I shake my head. “And how is it any different than your degree program here at Bowling Green? Your Millennial Generation research, your brand?”

And Dr. Vernon is silent and I think I’ve landed my own in-your-face spike, and I’m about to jump out of my seat and punch the air and scream that I beat him, that I’m right, and
fuck you
!, but then Dr. Vernon claps. Slaps the desktop hard and his cufflink creates a metallic ringing in the room that sounds as loud as a university bell-tower’s between-class clanging. “Excellent, excellent!” he says.

My mouth is open.

“This stuff about Millennials,” he says, smile now gone, tanned face smooth, the ringing in the room replaced with dead silence. “You’re right. That’s the sexy stuff. It brings in the money and the graduate students. We believe in it, certainly, but it is undeniably our
brand
. But truthfully, do you know the research I’m most interested in?”

I tell him that I have no idea.

“In this program, we want students to ask difficult questions about fraternity life,” he says. “We want students who will ask, what sort of positive gains are
actually
made by fraternity consultants in just three days? And further, what is it that makes men so loyal to the institution of fraternity, to the point that they refuse to acknowledge any flaw? You—even
you
, two minutes ago—seemed intent on defending your own work even as you dismissed ours. Fraternity men will go to extraordinary lengths to defend behavior that, in any other context, they would find reprehensible…all in the name of their Greek letters. Why is that? In this program”—and he leans forward again and stares at me with Walter LaFaber intensity—“we allow nothing as sacred. We ask, why do we even have a system of ‘pledging’ when we know that it creates division, when it is bound to give rise to hazing?

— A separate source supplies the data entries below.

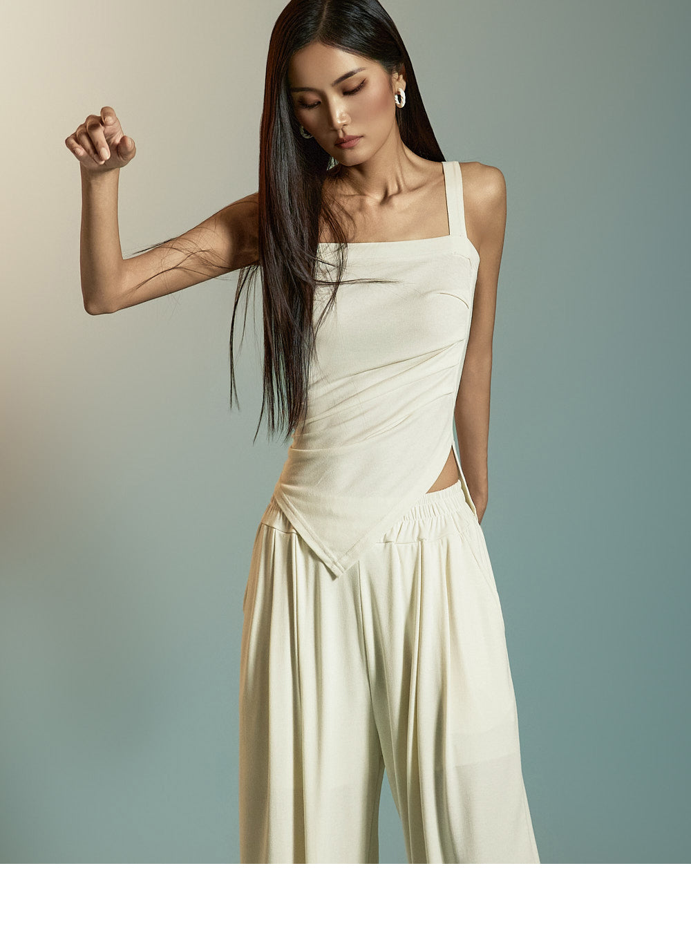 トップスはアシンメトリーなカットとスリムフィットが特徴で、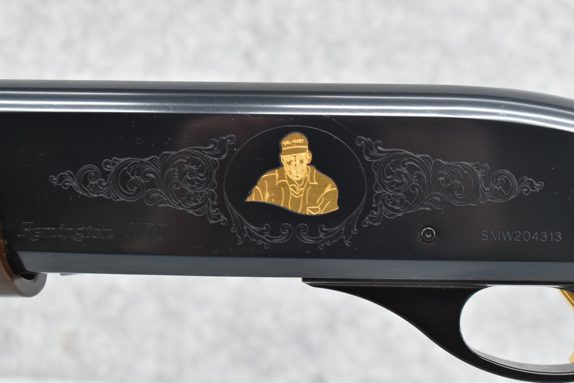 290R. Remington – Mod. 1100 – Sam Walton Limited Edition – 20ga. 2 ¾” Semi-Auto Shotgun – w/23” Vent-Rib Barrel w/Double Bead Sights & Rem Choke – Blued Finish – Engraved & Gold Inlaid Sam Walton Portrait & Signature – w/Straight Grip Checkered Wood Stocks w/Factory Butt Pad – w/Gold Trigger – Only 5,000 Mfg.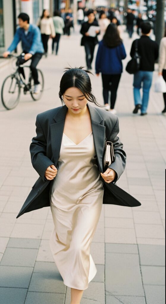 That satin texture catches the light beautifully and the blazer adds structure so the whole look feels elevated without trying too hard.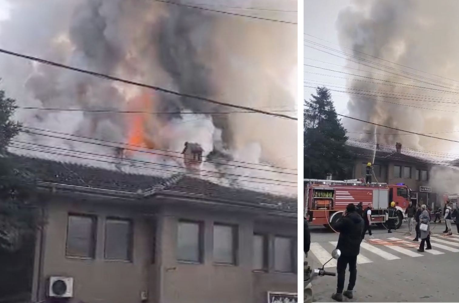 Novi Pazar – Danas u poslijepodnevnim satima izbio je veliki požar u kući koja se nalazi na uglu ulica AVNOJ-a i Stevana Nemanje, u samom centru grada. Snimci sa lica mjesta pokazuju jak plamen koji zahvata unutrašnjost objekta, dok se gust dim širi iznad naselja.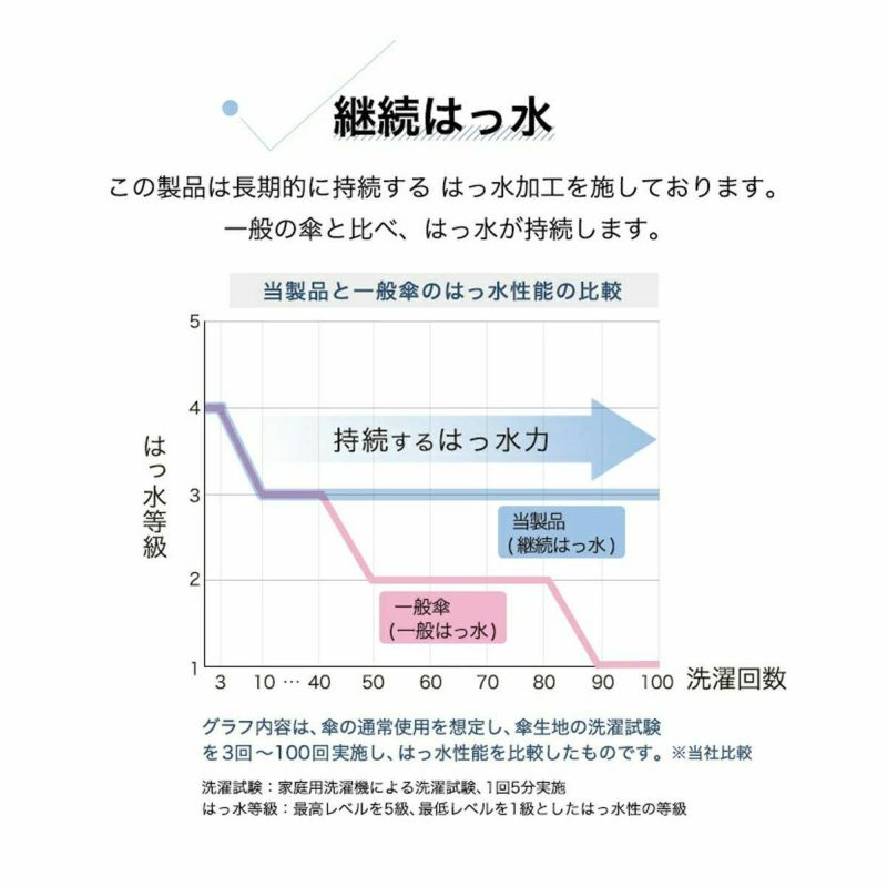 長期的に持続するはっ水加工を施しているため、一般の傘と比べ、はっ水が持続しますワンタッチで傘を開き、骨を閉じることができるため、 荷物が多い日や車で移動する時などに非常に便利です。

Why keep it? In our program, we find ways to
re-think
fraternity life. Everything about it. Why such an emphasis on large chapter size, on massive recruitment classes and quotas? Why do we consider it a good thing to have 150-woman sorority chapters? Why such an emphasis on housing, on physical structures? We look at motivations, however hidden. We look at—to use your word—
agendas
.”

“You can’t change these things. You know that, right?”

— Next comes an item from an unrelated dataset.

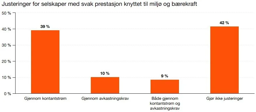 Majoriteten av respondentene justerer kontantstrømmen og/eller avkastningskravet for selskaper med svake prestasjoner tilknyttet miljø og bærekraft (58 %). Dette er en svak økning fra fjoråret, men fortsatt lavere enn nivået tidligere år.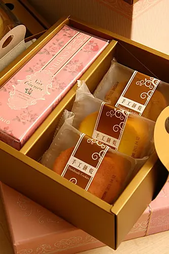 好像很久沒吃到喜餅了,前幾天又收到一盒!哇,很可愛的粉紅色耶!是金格出品的,印象中,好像很久沒吃到金格的產品,最後一次吃到他們家的產品,印象最深刻的還是他們的招牌「長崎蛋糕」,還有果凍!我倒是不曉得金格也出喜餅咧! 沒想到這盒喜餅,還頗得我的緣的,方型的盒子上綁著簡單的緞帶,沒有太多不必要的裝飾品,打開後,裡面分成三層,除了平常常吃的西餅類之外,最讓我開心的就是裡面居然有長崎蛋糕和年輪蛋糕耶!對吧?每次我收到喜餅都很煩,因為一堆小西餅,吃到最後都好膩,還是蛋糕比較好! 不過有點小微詞,就是喜餅還是很喜歡「虛張聲勢」,看起來很豐富,但實際上盒子又做了中空的夾層,實際上內容物並沒有那麼多,不過也好啦!反正小西餅類的產品我也不愛多吃,太多我也吃不下,只是這盒子設計有個很大的缺點,就是把中間夾層拿掉之後,蓋子和盒身是無法密合的,所以明明我還挺喜歡這個盒子,但卻無法將它拿來裝點什麼東西的,結果就變成雞肋,食之無味,棄之可惜啊.......包裝簡單,不錯吧~~而且是很雅緻的粉紅色,我不喜歡可愛風格的~~打開,這是第一層,以小西餅為主。下面二層還很貼心地設計了雙邊提把,方便你把它們拿起來。長崎蛋糕和手工餅乾,這個手工餅乾有三種口味,是咖啡、草莓和法式香草,都很香,是屬於薄片奶酥的那種餅乾,一盒有六片~~醬子的包裝不錯,因為可以減少單片包用掉大量的塑膠袋。耶~最底下這層是我最愛的年輪蛋糕和杏仁酥片,他們的年輪蛋糕出乎我意料地好吃喔!扎實、適度的濕潤,層次也豐富,外層是咖啡味的,吃起來較不容易膩!而旁邊的杏仁酥片,口感酥脆度夠,但糖粉多了點,不然就更好吃了~~金格的長崎蛋糕還是有一定的水準的,雖然和米兒剛從日本長崎吃了最正宗的回來,但是這個和日本當地的相較,是乾了一點,但是口感和風味已在水準之上囉!配一杯紅茶來吃剛剛好~~這是第一層的餅乾,沒拆開拍是因為我拍照時是半夜,拆了就得馬上吃掉,而我是不吃宵夜的~~不過每一種試吃下來,米兒最愛的是港式迷你核酥,就是右前方那個上面有杏仁的,香鬆可口喔!其他的小西點口味就還好,沒有很特別好吃的,但也不算難吃囉~~後來上網查了一下,這一盒心之嫁妙三層禮盒要1200大洋~~在網上看到一個活動,準新娘現在到金格食品門市看餅就送李蒨蓉代言的保濕生物纖維面膜一片,訂購的話送保養安瓶耶~~可惜我不是新娘啦~~有興趣的人可以到他們網站去看看囉~~…查看更多

“If we truly want to be leaders, we’ll make unpopular choices. And the most unpopular question of all: why do we even need the institution of the
National
Fraternity Headquarters? Why do we need this sprawling empire of chapters across the country? You said it yourself, Mr. Washington: it’s a four-way tug-of-war. Couldn’t we simply alleviate the conflict by removing one of the four antagonists, allowing the campus—rather than some unknowing headquarters—to dictate its own culture? Wouldn’t we be better served with stronger Greek Life offices on each individual campus, the national dues that students pay—the money that currently goes to fund fraternity and sorority consultants—staying right there to fund campus initiatives that are shaped to that specific student population?”

“That’s ridiculous.”

But in this moment, it doesn’t sound ridiculous. My fight has left me.

“There are no easy answers, Mr. Washington. But on this campus, we study every single program that we offer, which ones work and which do not. We study student responses. We care about programs that will
actually
service the students in the best way possible, programs that will change the culture of fraternity life, not just the
perception
of fraternities.” He taps the folder. “We don’t care about pumping more money into some faraway headquarters.”

“That’s all very noble,” I say. “Thank you for all of this.”

“You ask tough questions about the Greek Advisors you’ve seen across the country, Charles, but you might be better served asking those same questions about your own employer.” He lets his hand drop to his desktop, shakes his head, then looks me in the eyes. “Do we want to change the culture? Not just
say
we’re doing it.”

“Of course,” I say. Softly.

“We haven’t had a consultant in the program in a few semesters,” he says. “Most national fraternities are now telling their consultants to avoid us; they know we’re onto something. But we could benefit from someone with real-world experience, someone who knows the institutional failings. Someone who wants to create change on a big scale.”

“I don’t know.”

“There’s a grant available,” he says. “But we need someone from the inside. You do still want to change the culture, don’t you?” His cuff links flicker once again as he folds his hands before his face, assuming the sort of distinguished pose that one might see on a book jacket. “That’s why you took this job to begin with, correct?”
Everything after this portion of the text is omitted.